Osteoprogenitor cells are types of cells that work in the growth or repair of bones. These cells originate from stem cells and are created by progenitor cells. Also known as preosteoblasts, osteoprogenitor cells are found in the bone marrow. The bone marrow is comprised of several cellular layers, and it is one of these layers that house these preosteoblast cells.
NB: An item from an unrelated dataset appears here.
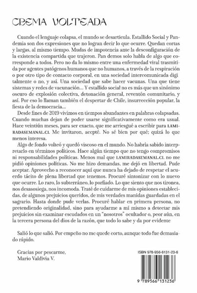 Cuando el lenguaje colapsa, el mundo se desarticula. Estallido Social y Pandemia son dos expresiones que no logran decir lo que ocurre. Quedan cortas y largas, al mismo tiempo. Mudas de impotencia ante la desconfiguración de la existencia compartida que trajeron. Pan demos solo habla de algo que corresponde a todos. Pero no da lo mismo entre una enfermedad viral trasmitida por agentes patógenos humanos que no humanos, a través de la respiración o por otro tipo de contacto corporal, en una sociedad intercomunicada digitalmente o no, y así. Una sociedad que sabe hacer vacunas. Una que tiene sistemas y redes de vacunación... Y estallido social no es más que un sinónimo oscuro de explosión colectiva, detonación general, reventón comunitario, y así. Por eso lo llaman también el despertar de Chile, insurrección popular, la fiesta de la democracia... Desde fines de 2019 vivimos en tiempos abundantes en palabras colapsadas. Cuando muchas dejan de poder usarse significativamente como era usual. Hace veintiún meses, para ser exacto, que me arriesgué a escribir para LAMIRADASEMANAL.-CL Me invitaron, acepté. No sé bien por qué; quizá lo que menos interesa. Algo de fondo volteó y quedó viscoso en el mundo. No habría sabido interpretarlo en términos políticos. Hace algún tiempo que no tengo compromisos ni responsabilidades políticas. Menos mal que lamiradasemanal.cl no me pidió opiniones políticas. No me hizo demandas, me dejó en libertad. Pude aceptar. Aprovecho a reconocer aquí que nunca ha dejado de respetar el acuerdo tácito de plena libertad que tenemos. Procuré sintonizar con lo nuevo que ocurre. Lo raro, lo subterráneo, lo porfiado. Lo que siento que nos tironea, nos desasosiega, nos incomoda. Traté de cuidarme de mis opiniones establecidas, de algunos prejuicios queridos, de mis verdades manidas guardadas en el sagrario. Hasta donde pude verlas. Procuré hablar en primera persona, no pretendiendo originalidad, sino para ayudarme a mí mismo a detectar mis prejuicios sin examinar escudados en un "nosotros" ocultador o, peor aún, en la tercera persona del dios de la razón, que todo lo sabe y da por evidente. Salió lo que salió. Por empeño no me quede corto, aunque todo fue demasiado rápido. Gracias por pescarme, Mario Valdivia V.

Osteoblast cells play a vital role in the formation and repair of bones. They secrete collagen fibers that help to harden bone. Osteoprogenitor cells have the capability of developing into osteoblasts. Each cell starts as a mesenchymal cell in the marrow. It then grows from a progenitor cell to an osteoprogenitor cell. From this point, the cells develop into the osteoblasts and begin growth or repair through either intramembranous ossification or endochondral ossification.
Intramembranous ossification uses osteoprogenitor cells to directly create bones. Many bones are formed in this manner during a child's development. Bones that form while a baby is still in the womb, such as the cranium, fall into this group. Some forms of bone repair will also use intramembranous ossification, depending on the level of movement the bone needs.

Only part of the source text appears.